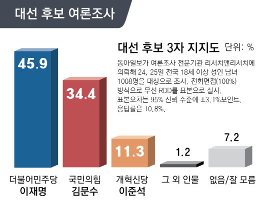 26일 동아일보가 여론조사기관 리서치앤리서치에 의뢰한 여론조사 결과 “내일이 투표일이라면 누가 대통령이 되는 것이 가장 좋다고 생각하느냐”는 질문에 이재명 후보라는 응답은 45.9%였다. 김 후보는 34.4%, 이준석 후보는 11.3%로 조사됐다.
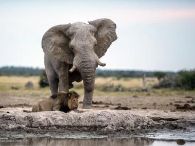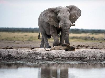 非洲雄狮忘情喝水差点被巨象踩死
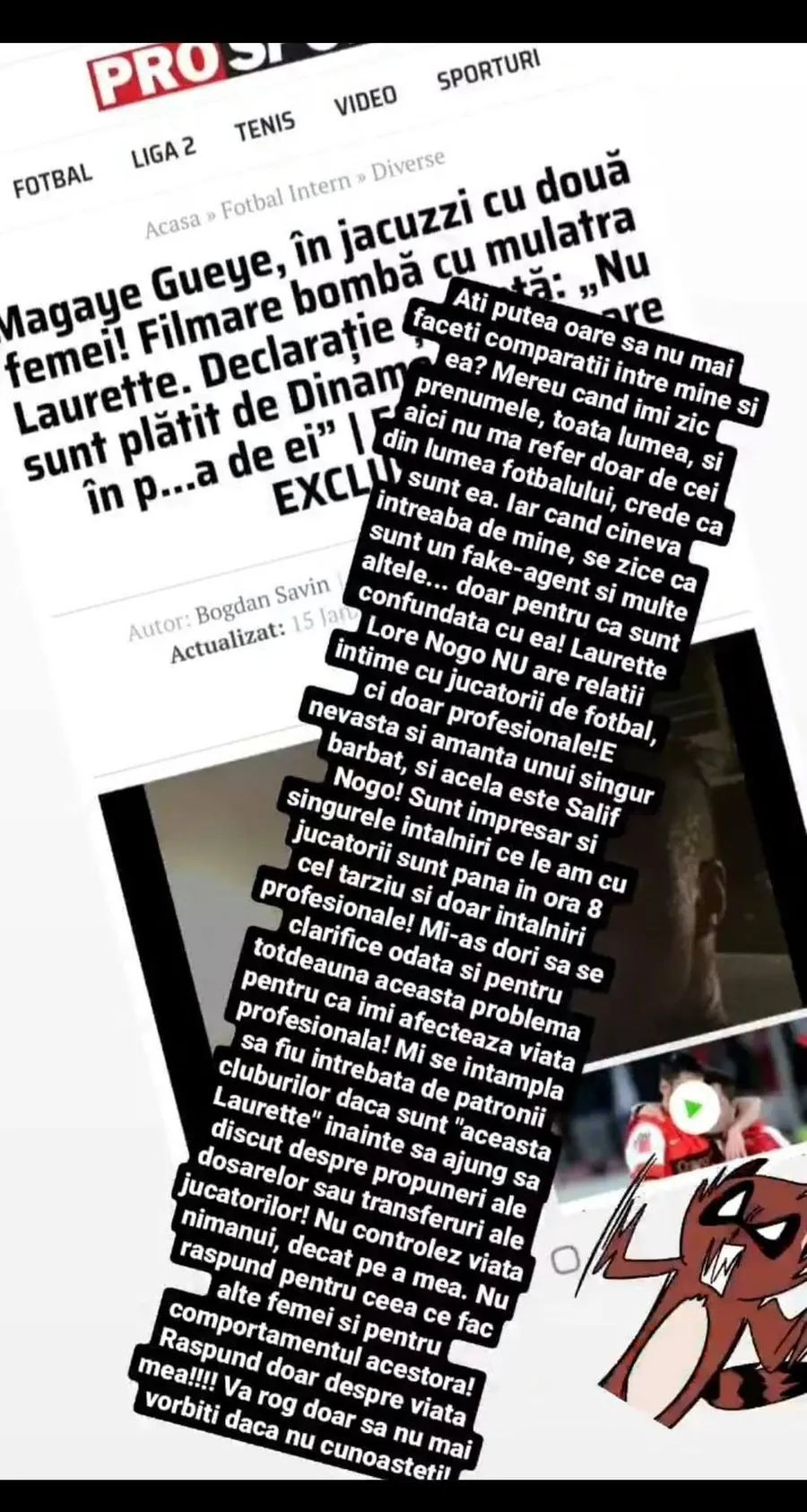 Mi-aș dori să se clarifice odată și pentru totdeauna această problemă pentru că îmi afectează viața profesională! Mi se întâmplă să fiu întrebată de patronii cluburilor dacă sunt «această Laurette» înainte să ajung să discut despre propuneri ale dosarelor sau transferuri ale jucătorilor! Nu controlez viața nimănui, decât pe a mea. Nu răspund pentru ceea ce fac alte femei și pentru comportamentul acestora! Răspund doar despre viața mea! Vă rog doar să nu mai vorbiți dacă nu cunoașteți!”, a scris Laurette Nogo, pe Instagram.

═══

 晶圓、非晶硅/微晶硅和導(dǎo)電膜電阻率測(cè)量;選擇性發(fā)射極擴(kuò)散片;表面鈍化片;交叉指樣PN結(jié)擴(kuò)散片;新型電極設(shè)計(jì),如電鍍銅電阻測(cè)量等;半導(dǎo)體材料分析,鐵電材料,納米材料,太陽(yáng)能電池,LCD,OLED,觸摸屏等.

═══

_Your instructions_: Working from the entries above, reproduce exactly and only the lines beginning with the line that has "26일 동아일보가 여론조사기관" and ending with the line that has "Mi-aș dori să"; omit all pictures.

_Exercise output_:
 26일 동아일보가 여론조사기관 리서치앤리서치에 의뢰한 여론조사 결과 “내일이 투표일이라면 누가 대통령이 되는 것이 가장 좋다고 생각하느냐”는 질문에 이재명 후보라는 응답은 45.9%였다. 김 후보는 34.4%, 이준석 후보는 11.3%로 조사됐다.
 非洲雄狮忘情喝水差点被巨象踩死
 Mi-aș dori să se clarifice odată și pentru totdeauna această problemă pentru că îmi afectează viața profesională! Mi se întâmplă să fiu întrebată de patronii cluburilor dacă sunt «această Laurette» înainte să ajung să discut despre propuneri ale dosarelor sau transferuri ale jucătorilor! Nu controlez viața nimănui, decât pe a mea. Nu răspund pentru ceea ce fac alte femei și pentru comportamentul acestora! Răspund doar despre viața mea! Vă rog doar să nu mai vorbiți dacă nu cunoașteți!”, a scris Laurette Nogo, pe Instagram.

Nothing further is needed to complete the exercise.